Y añadió que “la segunda célula operativa tenía otro modus operandi que es que cortaba directamente el poste de madera que sujeta los cables del tendido. A esta se le atribuyen 30 hechos delictivos de hurto de cobre y una afectación de más de 346.000 euros, con más de 11 kilómetros de línea de cobre robada”.

Uno de los siete detenidos era, a ojos policiales, el intermediario y al mismo tiempo como receptor que se encargaba de llevar el cobre sustraído a los diferentes lugares de residuos sólidos de la provincia. “Esta persona al mismo tiempo almacenaba el cobre”, señalaba López Castro. Precisamente a esta persona, de origen luso, en uno de los registros en su casa se le incautaron 22.500 euros.

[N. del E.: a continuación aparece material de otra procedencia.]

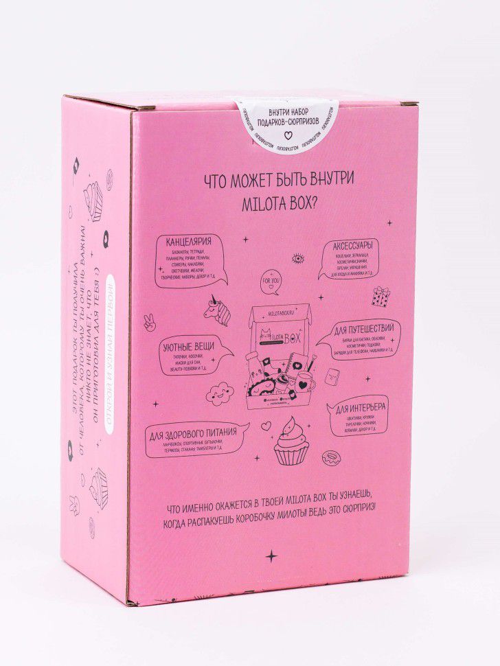 Каждая коробочка милоты наполнена необычными вещицами, которыми будет приятно пользоваться в повседневной жизни: милая канцелярия, уютные товары для дома, стильные аксессуары, предметы для здорового образа жизни и приятные мелочи. Внутри Milota BOX находится до 8 сюрпризов, упакованных в стилизованную подарочную бумагу тишью. Коробочка из плотного, дизайнерского картона.
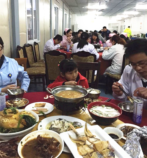 醫(yī)院貼心的為每個(gè)住院病人及醫(yī)護(hù)人員發(fā)了餐券。除夕夜,整個(gè)食堂一陣陣的歡聲笑語(yǔ)沖淡了大家對(duì)不能回家過(guò)年的失落與孤獨(dú)。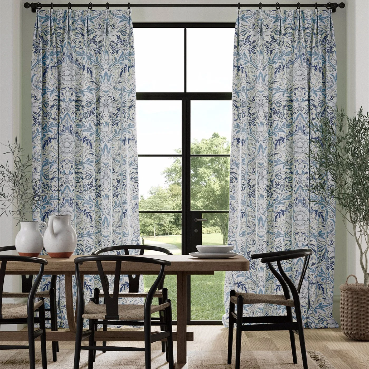 Starting with a fabric like Simply Severn in the Bayleaf and Annatto colourway, it’s the perfect choice for adding a touch of class and sophistication to any window dressing. This dual-purpose fabric produced on a soft cotton/linen blend, was originally designed by J.H. Dearle in 1880 and printed at the Morris Merton Abbey workshop in South London. An elegant damask of acanthus leaves framing a central flowerhead, this is a new design for the Simply Morris collection and as shown above works as a subtle yet engaging choice for curtain fabric.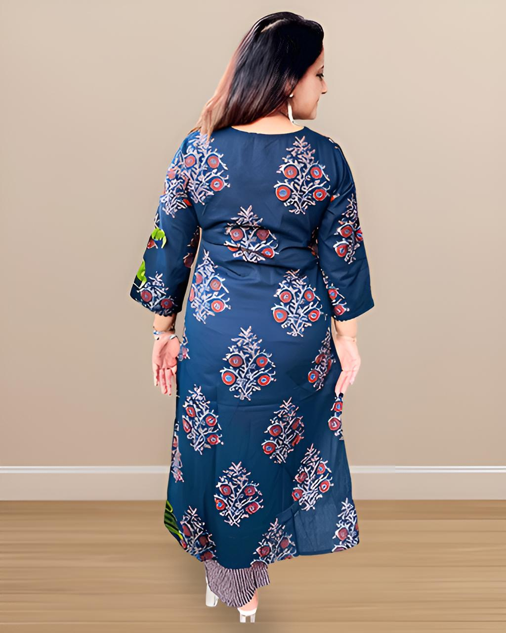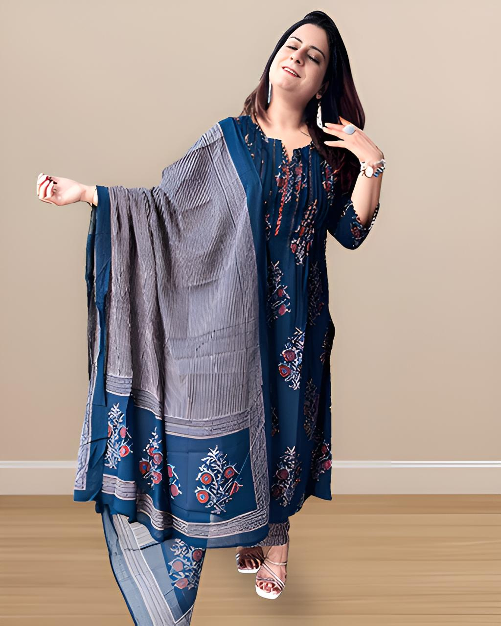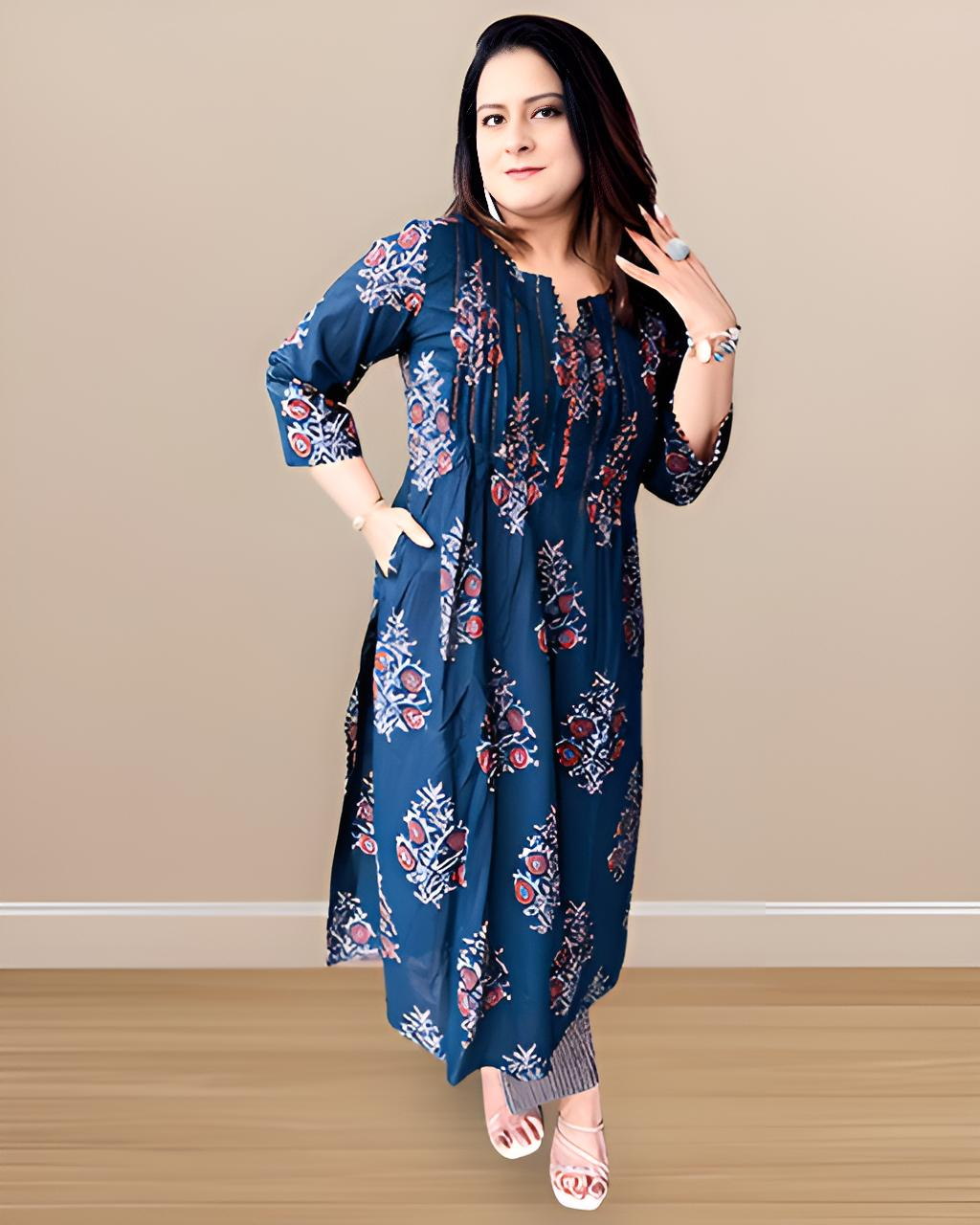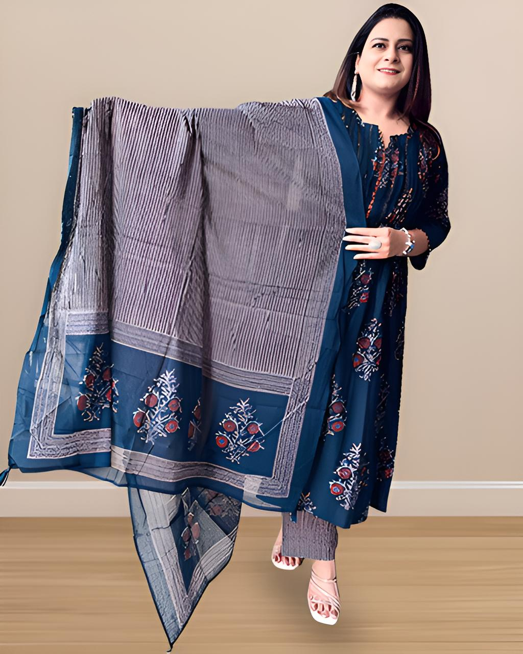 Step into poetic elegance with this breathtaking deep indigo blue kurta set paired with a soft, flowy dupatta—every thread whispering stories of heritage and hush-toned luxury. Adorned with delicate hand-block-inspired floral motifs in earthy reds and greys, this ensemble brings the wild garden to your wardrobe with regal subtlety.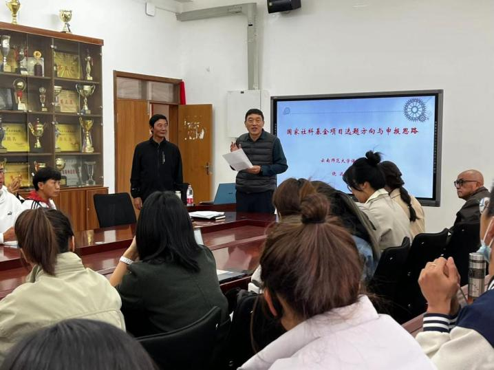 为深化对师生理想的牵引和激发,拓宽师生的学术视野,营造良好的学术氛围,助力体育公司国家社科基金申报工作,11月4日必一运动必一运动官网邀请云南师范大学饶远教授作了题为“国家社科基金项目选题方向与申报思路”的学术讲座,必一运动官网全体教师、研究生参与讲座。讲座由必一运动官网经理王宗平主持。

Es el juzgado de Instrucción Nº2 de Verín al que se le remitieron las diligencias policiales para continuar con el proceso judicial, a tenor de la incautación de las pruebas y de todas los indicios que la Guardia Civil de Ourense aportó en la operación.

Las relaciones Ourense-Portugal fueron “claves” para las detenciones

Javier, comandante de la unidad técnica de la Policía Judicial de la Guardia Civil, señaló que “el cobre es un material estratégico, porque es fácil de reciclar y tiene una vida ilimitada. Esto supone que sea un hecho delictivo muy común en el conjunto de delitos del patrimonio. El hurto del cobre se puede pensar que solo tiene efectos económicos para las empresas pero no es así, porque puede producir un alto riesgo de interrumpir el suministro al usuario, como por ejemplo en estos casos en el teléfono y a nivel de uso de internet”.

Y destacó que “ha habido un lucro cesante que se ha cuantificado superior a 240.000 euros que es bastante. Además, esta operación puede ser de las más importantes, dentro del marco anual de lucha contra robo del cobre y dentro del marco de Europol, a nivel de coordinación fue muy potente entre Ourense y Portugal. La oficina de unidad técnica fue la que coordinó estas comunicaciones y gracias a ellas se obtuvo información que posteriormente facilitó la explotación de esta operación. El intercambio de información entre Ourense y Portugal fue fundamental, para las detenciones que se han hecho”.